Monday, 22 August 2011

Solving Causes' Levenshtein Distance challenge in 28 seconds. (Python)

Causes has recently put up a coding challenge for prospective engineers who want to work with them. Here is their description, short and sweet:

Two words are friends if they have a Levenshtein distance of 1. That is, you can add, remove, or substitute exactly one letter in word X to create word Y. A word’s social network consists of all of its friends, plus all of their friends, and all of their friends’ friends, and so on. Write a program to tell us how big the social network for the word “causes” is, using this word list. Have fun!

The corpus size is 264061 words. A friend wrote a C solution that solved it in sub-300 seconds and challenged me to do better. Looking at it, it seemed like it would benefit from using Python's amazing set() data structure, so I gave it a shot. After some horrible bugs, I got the right answer: 78482 (including the original word 'causes').

My Python solution is in 28 lines, including comments. It also runs in 28 seconds on my antiquated Core Duo. Someone on Hacker News found that pypy also speeds this up by 70%. Not bad at all.

Other solutions I saw online take longer, which is why I decided to put this on here. Other attempts, (claimed runtime in parentheses): Ruby (50 sec), Ruby again (?), PHP (1.5 hours), Python (4 hours, 1 hour), Python again(?), Python redux(?), newlisp (?), C++ (1 min).

The secret behind my version's performance is Python's incredible set(), which does membership testing in O(1). I suppose the approach of generating all possible Levenshtein distance 1 strings and testing for membership also helped performance while keeping code size down. It's much easier to generate the small number of next steps rather than testing each of 260,000 options to see if they are a next step.

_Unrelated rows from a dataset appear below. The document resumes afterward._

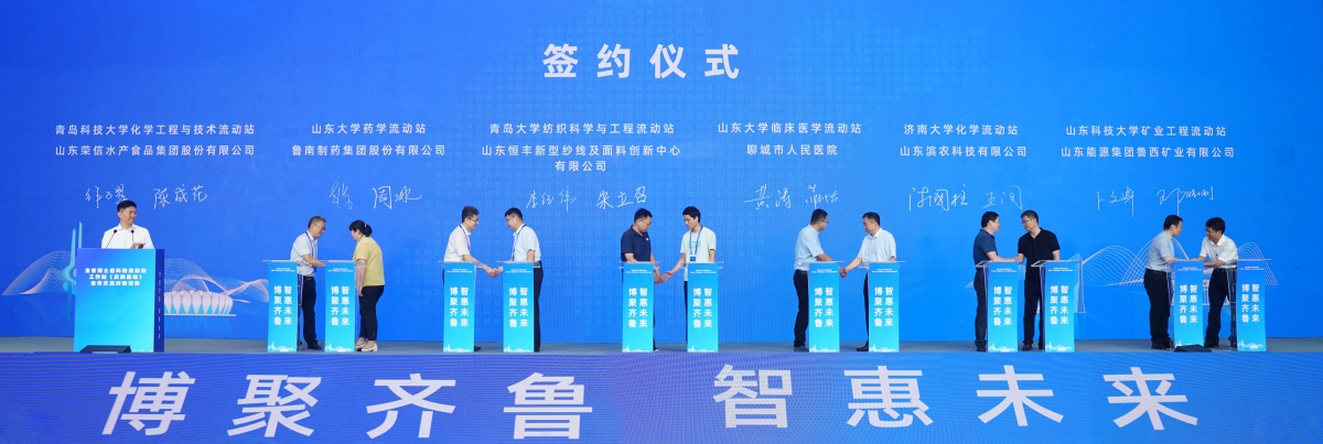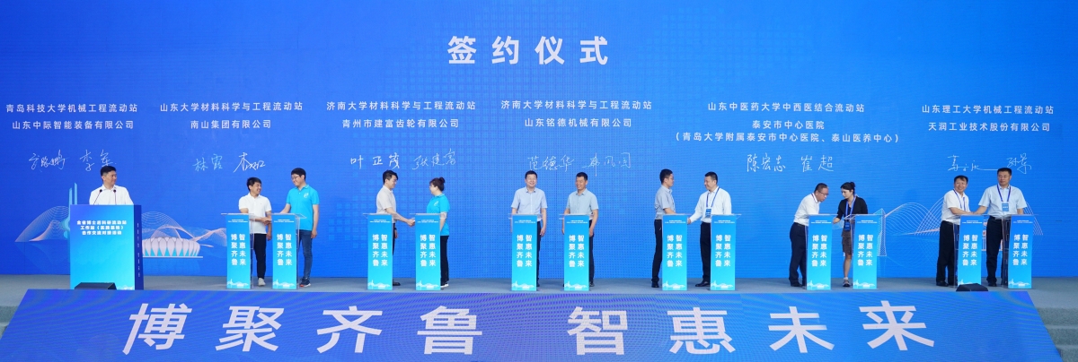 在前期充分醞釀和溝通的基礎上,學校分別與單縣湖西產業技術研究院、山東銘德機械有限公司、青州市建富齒輪有限公司、山東濱農科技有限公司在活動現場舉行了簽訂儀式,雙方一致同意在共建、共享、共贏的基礎上,建立博士后合作與青年人才成長交流機制,推動博士后科研合作和創新成果轉化落地。同時,學校還與山東艾孚特、濟南圣泉集團、寶勝電纜、山東博奧克生物等53家公司就博士后平臺建設與人才需求合作進行了初步洽談交流。
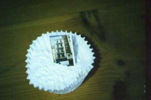 EL VIAJERO SOBRE EL MAR DE NUBES, 2000. 5000/u. harina, funda de magdalena y contacto fotográfico color. dimensiones variables. La Farinera del Clot de Barcelona.
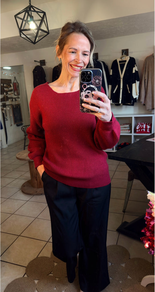 Red Dahlia Ribbon Bow Knot Tie Back Sweater
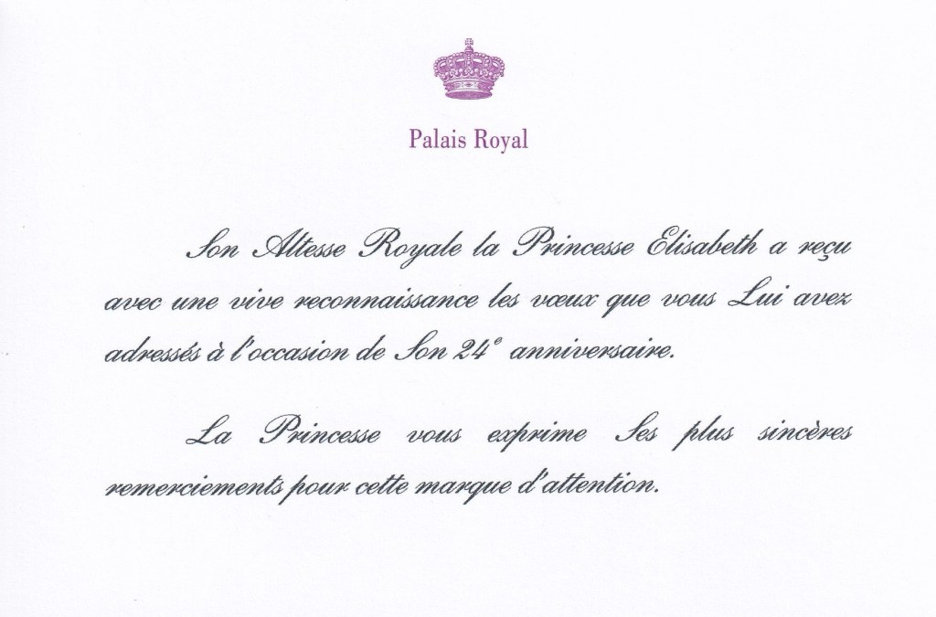 Royal response from Her Royal Highness The Duchess of Brabant on the occasion of her 24th birthday.

Without further ado, the code:

import string

w = set(open("00wordlist.txt").read().splitlines())
f, nf = set(), set(["causes"])

#from b, yield all unused words where levdist==1
def nextgen(b):
for i in range(len(b)): #for each index in b
for c in string.ascii_lowercase: #for letters [a..z]
if c != b[i]:
#substitute b[i] with c
if b[:i] + c + b[i+1:] in w:
yield b[:i] + c + b[i+1:]
#inject c before b[i]
if b[:i] + c + b[i:] in w:
yield b[:i] + c + b[i:]
#remove b[i]
if b[:i] + b[i+1:] in w: yield b[:i] + b[i+1:]

for c in string.ascii_lowercase: #for letters [a..z]
if b + c in w: yield b + c #append c after b

while len(nf):
cf = nf
nf = set([j for i in cf for j in nextgen(i) if j not in f])
w -= nf
f |= nf

print len(f)